On 30 July 2019 the European Commission adopted its Recommendation 2019/1318 on internal compliance programmes for dual-use trade controls under Council Regulation (EC) No 428/2009. "Dual-use items" are goods, including software and technology, that can be used for both civilian and military purposes. For example, telecommunications is included in this definition. While at first glance the focus of this recommendation seems quite narrow, its content is actually much broader, and may be of interest to any entity implementing an Internal Compliance Programme (ICP).

The recommendation is based on seven core elements. For each of them, the Commission sets out the expectations that professionals in the sector must be able to meet in an effective and proactive manner, and the steps necessary to achieve them. Attached to the recommendation are standard questions to quickly identify points for attention, as well as a series of warning signs that should attract the attention of the prudent and diligent exporter. In the event of suspicion, the exporter will, as the case may be, be requested or required to communicate all relevant information to the competent authorities.

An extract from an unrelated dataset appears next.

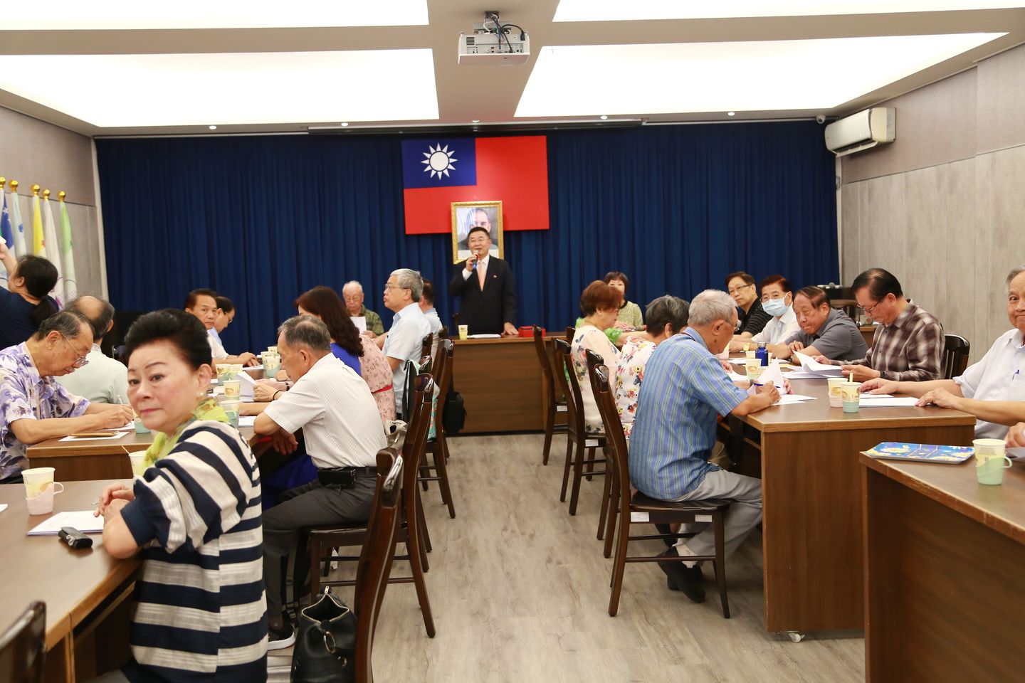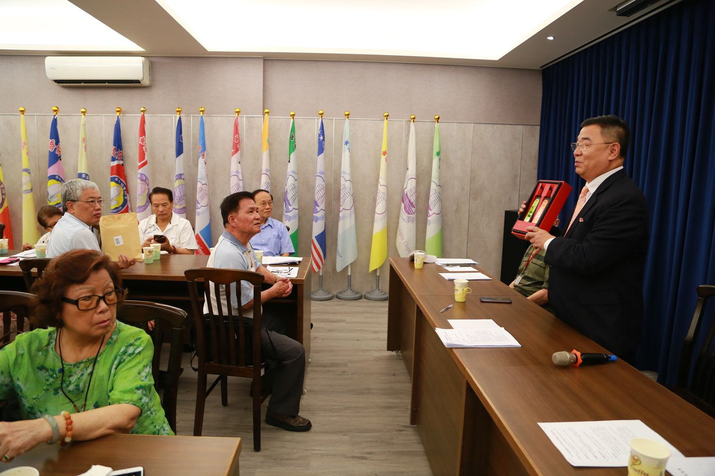 國父銅像由圖書室移至會議室正中位置,加裝底座,鑴刻國父墨寶,以示尊崇。海外29個分會會旗亦自樓梯間移至會議室,爾後分會會長來訪時,見到自己分會會旗擺置於會議室,一定會感到很高興,因為他們感受到總會對海外分會的重視。

Top-level management commitment to compliance

The implementation of an effective ICP requires a rigorous and disciplined corporate culture. People in high positions of authority must lead by example by adopting an irreproachable attitude that respects applicable European and national regulations. They must also foster effective communication with their employees regarding their company's ICP objectives and ensure an adequate allocation of organisational, human and technical resources to conduct their compliance policy.

Organisation structure, responsibilities and resources

This adequate allocation of resources requires an organisational structure that is set down in writing, allowing the identification of one or more responsible persons in a comprehensive manner. Sufficient staff must be available to meet client needs, and a specific member must be responsible for monitoring ICP follow-up. If necessary, staff must be able to stop any suspicious transactions. Conflicts of interest must be avoided and access to the most recent relevant legislative texts must be ensured

Training and awareness raising

Whether through internal or external seminars or specialised training, staff training and awareness is essential for an ICP on an ongoing basis and at all relevant levels.

Transaction screening process and procedures

This requires putting in place a series of procedures to verify the compliance of transactions. The Commission proposes concrete measures, such as:

  • item classification for goods, software and technology;
  • transaction risk assessment; and
  • post-licensing controls.

Performance review, audits, reporting and corrective actions

A well-functioning ICP has clear reporting procedures concerning the notification and escalation actions of members of staff when a suspected or known incident of non-compliance has occurred. As part of a compliance culture, the staff must feel confident and reassured when they raise questions or report concerns about compliance in good faith.

Recordkeeping and documentation

The recommendation contains criteria for recording and documenting transactions. These processes must be proportionate, accurate and capable of ensuring the traceability of dual-use trade control related activities. Such a comprehensive recordkeeping system is intended to help the company with conducting performance reviews and audits, complying with EU and/or national documentation retention requirements and to facilitate cooperation with competent authorities in case of a dual-use trade control enquiry.

Physical and information security

Trade controls for dual-use items, including software and technology, pursue security and foreign policy objectives. Appropriate security measures contribute to containing the risks of unauthorised removal of, or access to, controlled items. Physical security measures are important. In addition, by their very nature, controlled software or technology in electronic form may require additional information security measures.

All these measures, which are an integral part of a compliance programme, also serve as a source of inspiration for good practice in ensuring compliance with other legal obligations to which any exporting company is subject, such as compliance with economic sanctions and embargoes.